*** Supplied records
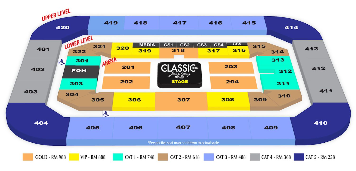(1) Ticket prices are quoted in Ringgit Malaysia and subject to RM4 ticket fee (2) No admission for children aged 2 or below (3) All offers and promotions are subject to terms and conditions. (4) Internet Sale is via www.myticket.asia from 4 September 2018, 11am and each transaction limits to 4 tickets only. (5) Strictly No professional photography. Audio or video recording of any kind is not allowed throughout the performance (6) Child must be of 95cm height and below to be eligible for child ticket priced at RM50 without seat, while child at height above 95cm must purchase tickets according to price scale. For safety reasons, the organiser reserves the right to limit the total quantity of child tickets issued (7) Tickets to the “Wheelchair accessible viewing platforms” are priced at RM258 and can only be purchased via the Organiser at +603 9223 3667 (8) Ticket(s) purchased shall not be resold or offered for pre-sale at a premium over the face value of the ticket or used for advertising, promoting or other commercial purposes or to enhance the demand for other goods or services (9) The organiser reserves the rights to alter or amend any terms and conditions relating to promotions or ticketing without prior notification.
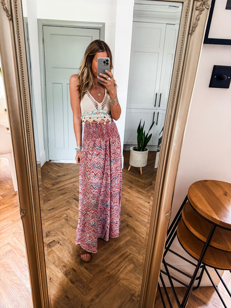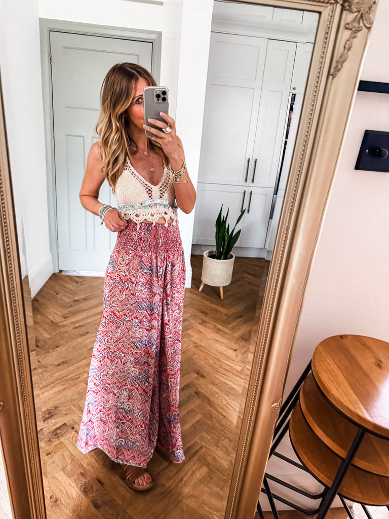 Pair it with high-waisted shorts or a flowing maxi skirt for the ultimate festival look. Layer under a sheer blouse or kimono for added texture and intrigue. Whether styled solo or layered, it’s made to turn heads.
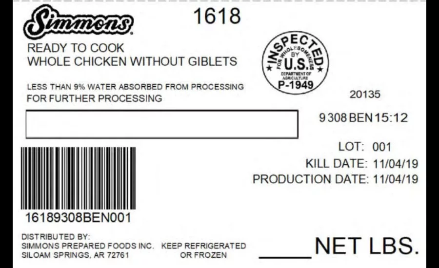 Simmons Prepared Foods establishments discovered the problem during further processing.
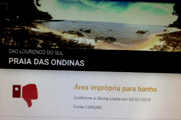 SEGUNDO A FEPAM, no dia 3 de janeiro de 2018 a Praia das Ondinas, em São Lourenço do Sul estava IMPRÓPRIA para o banho.
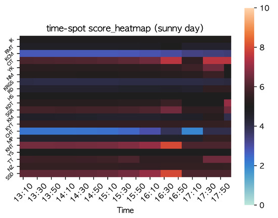 The heatmap of the total score calculated from the static and dynamic scores for each spot at each time is shown in Figure 8. The results in Figure 8 show that the scores for the outdoor spots at each time of the day are smaller than the heat map (Figure 6) for the sunny day. On the other hand, the indoor spots (KM, KCM) showed a larger score.
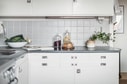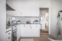 Till vänster nås hemmets charmiga kök. Vita köksluckor möter en modern bänkskiva och ovan sitter ljust kvadratiskt kakel som förstärker den ljusa atmosfären. Köket är utrustat med spis, fläkt, ugn och kyl/frys. Matbord för fyra personer ryms enkelt intill fönsterpartiet.
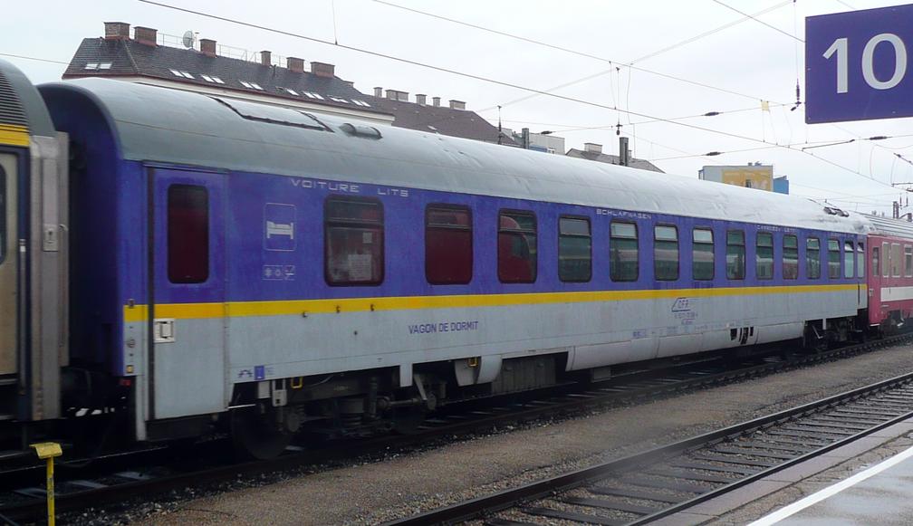 CFR 61 53 71-70 004-3 WLABmee sleeping car, Dacia fast train, Wien Westbahnhof.
******
The problem - Return every entry above exactly. Pictures stay out.

Reply to the exercise -
(1) Ticket prices are quoted in Ringgit Malaysia and subject to RM4 ticket fee (2) No admission for children aged 2 or below (3) All offers and promotions are subject to terms and conditions. (4) Internet Sale is via www.myticket.asia from 4 September 2018, 11am and each transaction limits to 4 tickets only. (5) Strictly No professional photography. Audio or video recording of any kind is not allowed throughout the performance (6) Child must be of 95cm height and below to be eligible for child ticket priced at RM50 without seat, while child at height above 95cm must purchase tickets according to price scale. For safety reasons, the organiser reserves the right to limit the total quantity of child tickets issued (7) Tickets to the “Wheelchair accessible viewing platforms” are priced at RM258 and can only be purchased via the Organiser at +603 9223 3667 (8) Ticket(s) purchased shall not be resold or offered for pre-sale at a premium over the face value of the ticket or used for advertising, promoting or other commercial purposes or to enhance the demand for other goods or services (9) The organiser reserves the rights to alter or amend any terms and conditions relating to promotions or ticketing without prior notification.
 Pair it with high-waisted shorts or a flowing maxi skirt for the ultimate festival look. Layer under a sheer blouse or kimono for added texture and intrigue. Whether styled solo or layered, it’s made to turn heads.
 Simmons Prepared Foods establishments discovered the problem during further processing.
 SEGUNDO A FEPAM, no dia 3 de janeiro de 2018 a Praia das Ondinas, em São Lourenço do Sul estava IMPRÓPRIA para o banho.
 The heatmap of the total score calculated from the static and dynamic scores for each spot at each time is shown in Figure 8. The results in Figure 8 show that the scores for the outdoor spots at each time of the day are smaller than the heat map (Figure 6) for the sunny day. On the other hand, the indoor spots (KM, KCM) showed a larger score.
 Till vänster nås hemmets charmiga kök. Vita köksluckor möter en modern bänkskiva och ovan sitter ljust kvadratiskt kakel som förstärker den ljusa atmosfären. Köket är utrustat med spis, fläkt, ugn och kyl/frys. Matbord för fyra personer ryms enkelt intill fönsterpartiet.
 CFR 61 53 71-70 004-3 WLABmee sleeping car, Dacia fast train, Wien Westbahnhof.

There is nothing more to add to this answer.